Problem description: Up to and including the line that holds "في أعقاب التصويت", copy every line of the records below exactly, starting at the first; leave pictures out.

-------

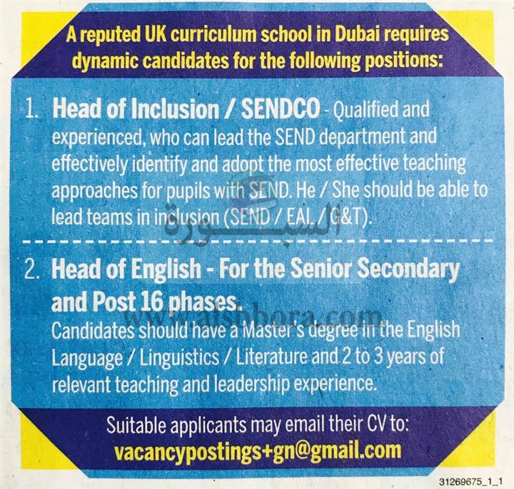 تعلن احدى المدارس الرائدة في دبي بدولة الإمارات العربية المتحدة، والتى تتبع المنهاج البريطاني عن حاجتها الى معلمين، وعلى الراغبين فى التقدم ارسال السيرة الذاتية عبر الايميل المنشور فى الاعلان التالى:
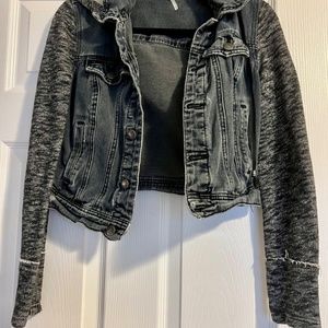 Free People denim jacket with sweatshirt material sleeves and matching removable hoodie.
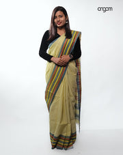 Elegant Handloom Khadi Cotton Saree with Colorful Striped Border
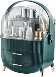 Clefairy Plastic Makeup Organiser Storage Box - Cosmetics, Skincare And Beauty Case With Clear Lid Display And 2 Drawers - Bathroom Counter - Vanity - Green
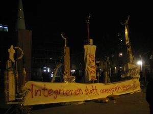 في أعقاب التصويت لصالح الحظر، خرجت المظاهرات ضد نتيجة الاستفتاء في مدن سويسرا الكبرى. الملصق تحت المئذنة المصنوعة من الورق المقوى تقول: "التكامل بدلاً من الإقصاء!"
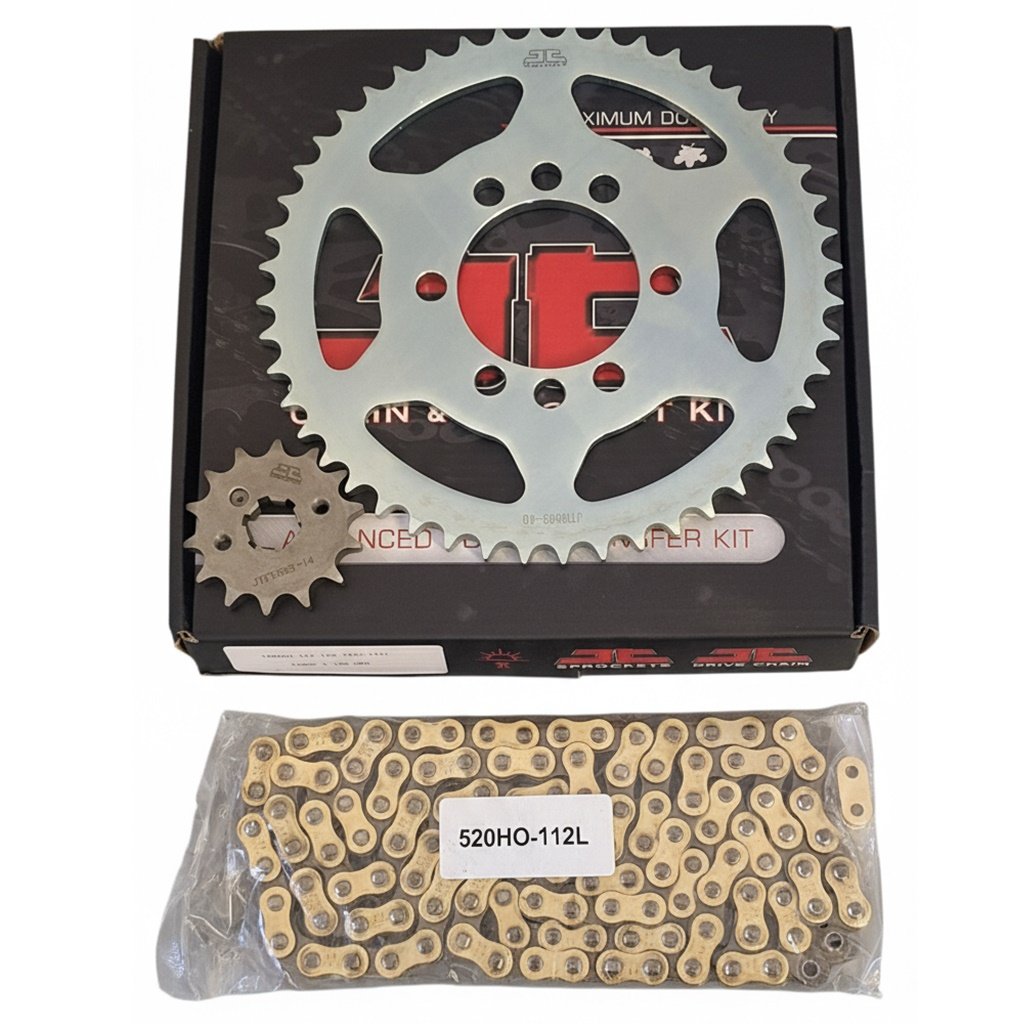 Kit de transmisión marca JT para Yamaha XTZ 125. Incluye corona de 48 dientes, piñón de 14 dientes y cadena 428H x 122 G&B (Gold & Black). Ideal para mantener el rendimiento original, con excelente durabilidad y un estilo distintivo.

-------

Exercise answer:
 تعلن احدى المدارس الرائدة في دبي بدولة الإمارات العربية المتحدة، والتى تتبع المنهاج البريطاني عن حاجتها الى معلمين، وعلى الراغبين فى التقدم ارسال السيرة الذاتية عبر الايميل المنشور فى الاعلان التالى:
 Free People denim jacket with sweatshirt material sleeves and matching removable hoodie.
 Elegant Handloom Khadi Cotton Saree with Colorful Striped Border
 Clefairy Plastic Makeup Organiser Storage Box - Cosmetics, Skincare And Beauty Case With Clear Lid Display And 2 Drawers - Bathroom Counter - Vanity - Green
 في أعقاب التصويت لصالح الحظر، خرجت المظاهرات ضد نتيجة الاستفتاء في مدن سويسرا الكبرى. الملصق تحت المئذنة المصنوعة من الورق المقوى تقول: "التكامل بدلاً من الإقصاء!"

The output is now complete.